======== Given data

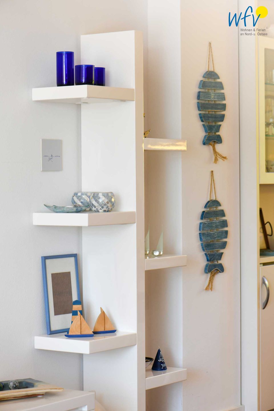 Im hellen Wohnraum (1.OG) empfängt Sie eine einladende Einrichtung in harmonischen Farben; maritime Accessoires sorgen für gemütliches Flair und das entsprechende Nordseegefühl. Von diesem Raum aus sehen Sie bereits sehr schön das Wattenmeer!
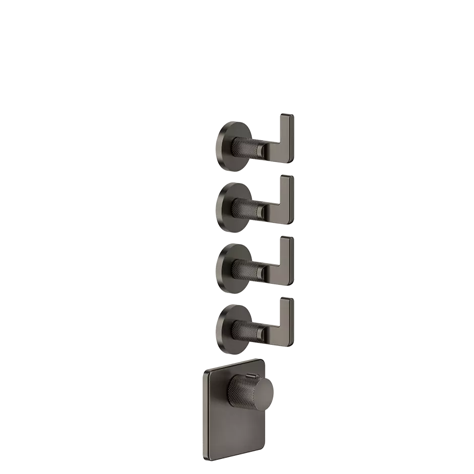 Zewnętrzne części do termostatycznego miksera o dużej pojemności montowanego na ścianie. Ustawienie pionowe/poziome z CZTEREMA ODDZIELNYMI WYJŚCIAMI. Seria Gessi Inciso łączy w sobie ponadczasową elegancję i nowoczesny design, oferując wykwintne armatury łazienkowe z wyraźnymi wzorami liniowymi i delikatnymi detalami. Oddanie Gessi dla doskonałej estetyki odzwierciedla się w tej kolekcji, która zapewnia harmonijną równowagę formy i funkcji dla osób poszukujących wyrafinowanego i eleganckiego otoczenia łazienkowego.
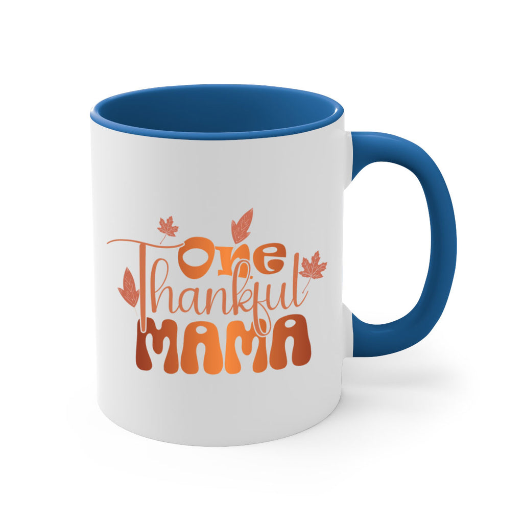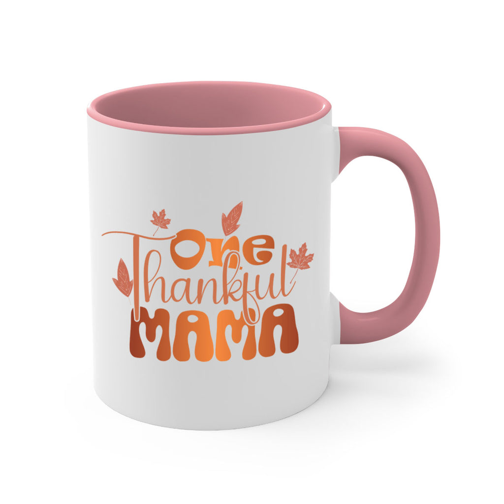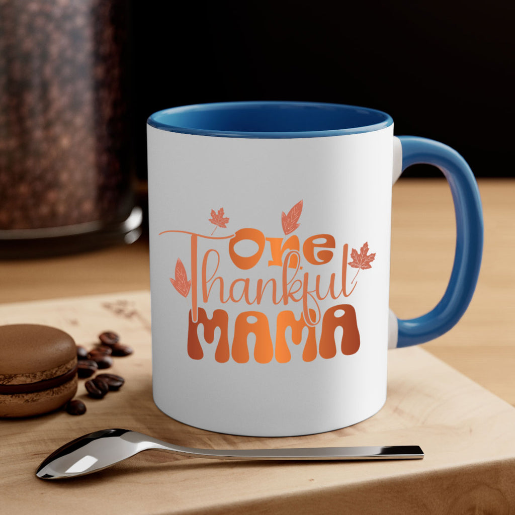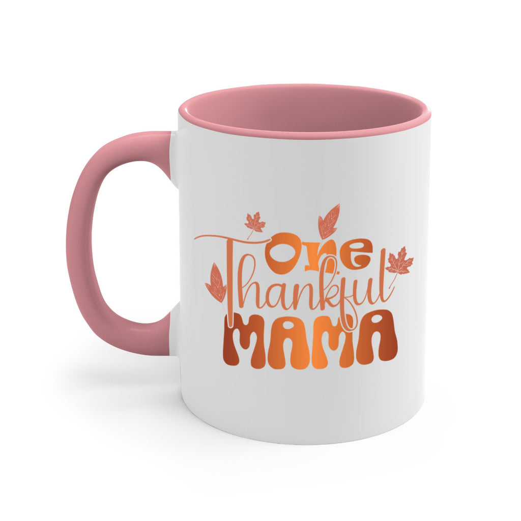 Enjoy the One Thankful Mama 465# Mug . Here to bring big gulps of coffee, Tea or any beverage and style, these two-tone coffee mugs help people around the world start the day just right. Choose between 5 different color options and 2 sizes to best complement the design. Each mug comes with a colored handle, a colored interior, and a classy, glossy finish so that your mugs become an instant favorite.
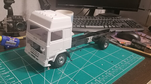 Всех приветствую! Собственно начал я рассказ о недавних пополнениях в моем модельном мире. А именно о грузовиках Вольво. А если быть совсем точным то в работе у меня сейчас один - это FH16 ранних годов выпуска. Так вот, продолжая разговор о сборке хочется отметить и деталировку этого красавца. Машина реально проработана до мелочей, а спешка при сборке только навредит данной модели. Надо понимать что данная модель это не модель на один вечер для сборку под стакан кофе.... Возвращаясь к раме: на фото выше можно понять разницу в длинне рамы...
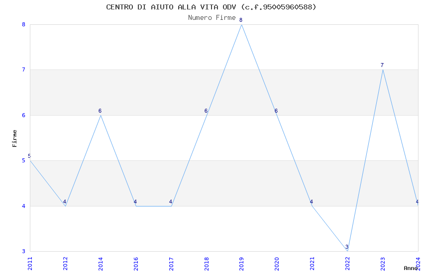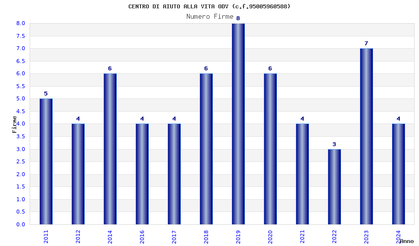 | Anno | Firme | Importi | Media | Naz. | Reg. | Prov. | Comu. |
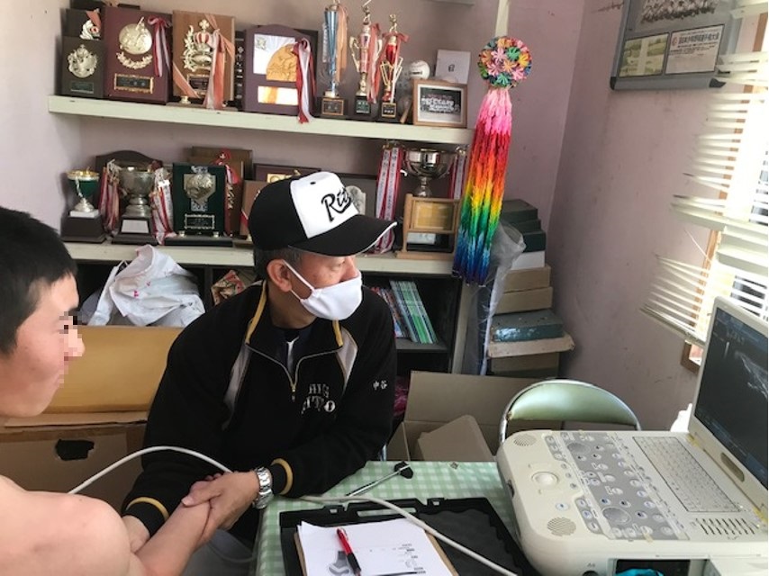 毎年、超音波観察装置を使い、選手達の肩と肘関節の状態を把握するようにしています。
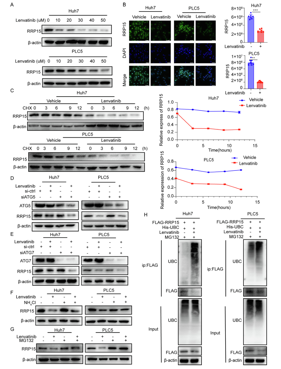图2 乐伐替尼通过泛素-蛋白酶体途径诱导RRP15降解
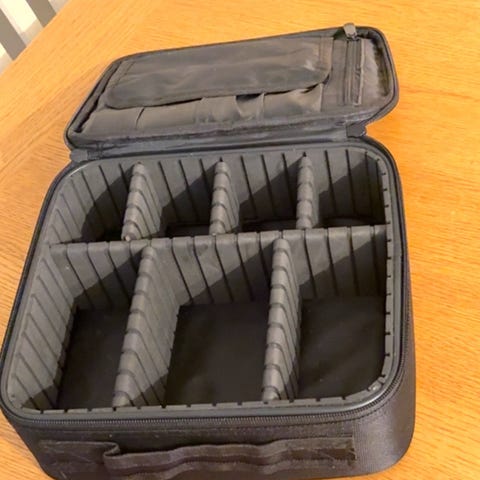 En liten mappe med smykker, ringer, neglfil, noe hårpynt og litt annet stæsj til en jente som liker glam og rosa.
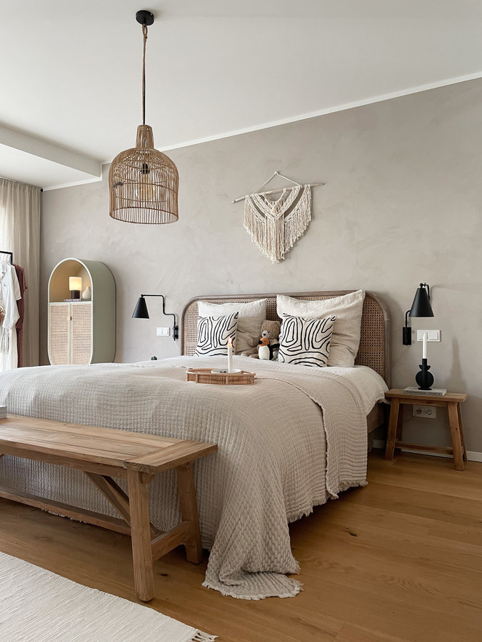 Schlafzimmer, Schlafzimmerinspo, Schlafzimmerdeko, Bohoschlafzimmer, Boho, Interior, Bettbank, Wienergeflecht
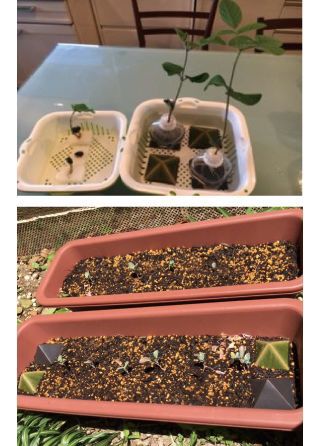 サウンドウォーターで生成した陶器による植物の発芽実験。丹波の黒豆が水耕栽培で発芽成功
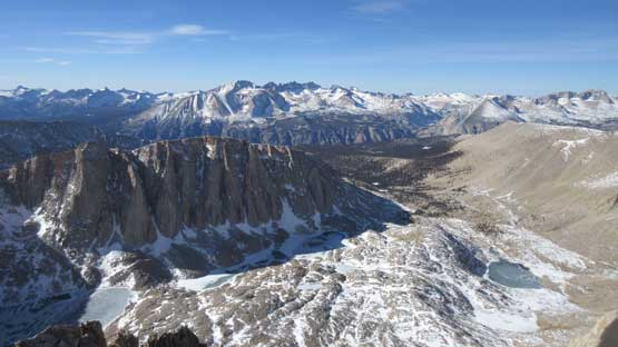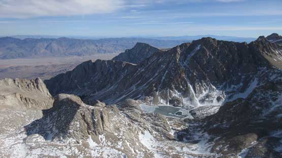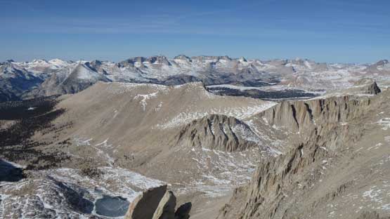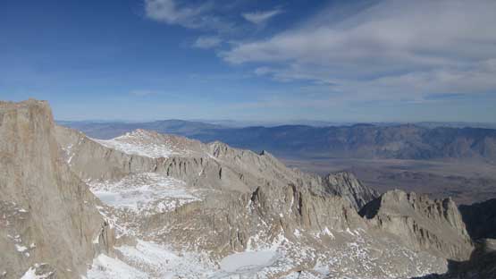 Thank to the pinnacle nature of this summit the view was actually more far-reaching compared to from Mt. Whitney. The lighting was gettin’ better too as that thin layer of high clouds was dissipating so we actually lingered for quite a while. The descent was straightforward. We didn’t want to fancy about the route so just simply retraced our exact ascent line. In no time we were back to where we ditched the backpacks.
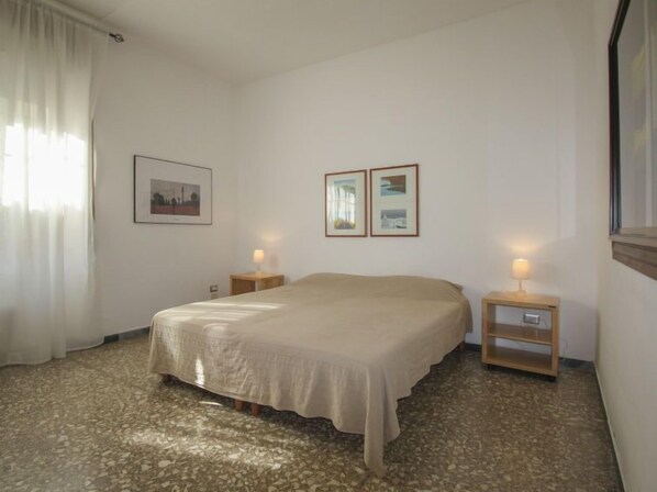 3-room apartment 90 m2, on the upper ground floor. Spacious, partly renovated in 2020, practical furnishings: large entrance hall. Living/dining room with 1 double sofabed, digital TV and flat screen. 1 double bedroom. 1 room with 2 beds and 1 sofabed. Kitchenette (oven, dishwasher, 4 induction hot plates, microwave, freezer). 2 showers/bidet/WC. Electric heating, air-conditioning. Facilities: washing machine, safe, iron, hair dryer. Internet (WiFi, free). Please note: non-smokers only. Maximum 1 small pet/ dog allowed. The beds in the double room can be separated if requested in advance. Check in after 21.00h extra 50 euro. IT058091C2SJRK8PR8
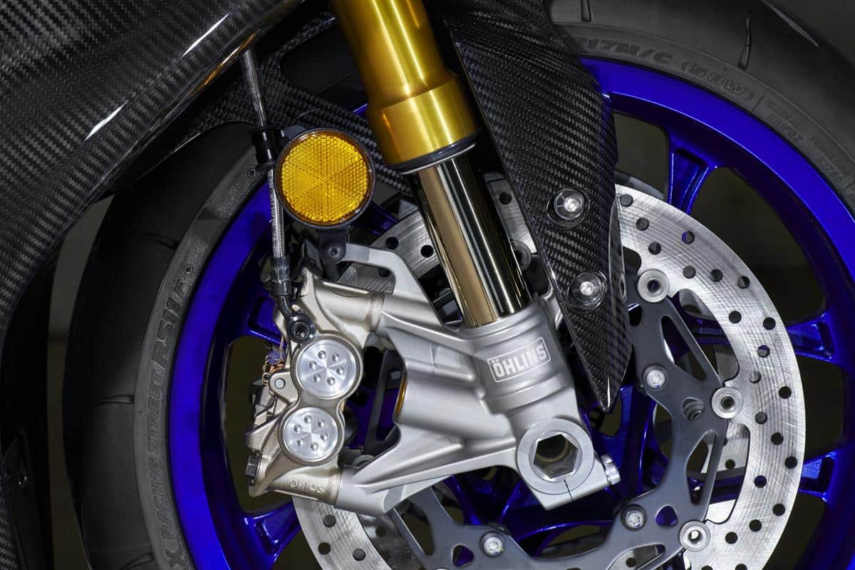 La YZF-R1M utilise les suspensions Öhlins « Racing » à réglage électronique (ERS) de dernière génération, proposant divers réglages précis pour un contrôle optimal et de plus grandes performances.

================

Prompt | Taking the entries above, extract every line from the one bearing "图2 乐伐替尼通过泛素-蛋白酶体途径诱导RRP15降解" through the one bearing "Thank to the", exactly, with no pictures.

Task answer |
图2 乐伐替尼通过泛素-蛋白酶体途径诱导RRP15降解
 En liten mappe med smykker, ringer, neglfil, noe hårpynt og litt annet stæsj til en jente som liker glam og rosa.
 Schlafzimmer, Schlafzimmerinspo, Schlafzimmerdeko, Bohoschlafzimmer, Boho, Interior, Bettbank, Wienergeflecht
 サウンドウォーターで生成した陶器による植物の発芽実験。丹波の黒豆が水耕栽培で発芽成功
 Thank to the pinnacle nature of this summit the view was actually more far-reaching compared to from Mt. Whitney. The lighting was gettin’ better too as that thin layer of high clouds was dissipating so we actually lingered for quite a while. The descent was straightforward. We didn’t want to fancy about the route so just simply retraced our exact ascent line. In no time we were back to where we ditched the backpacks.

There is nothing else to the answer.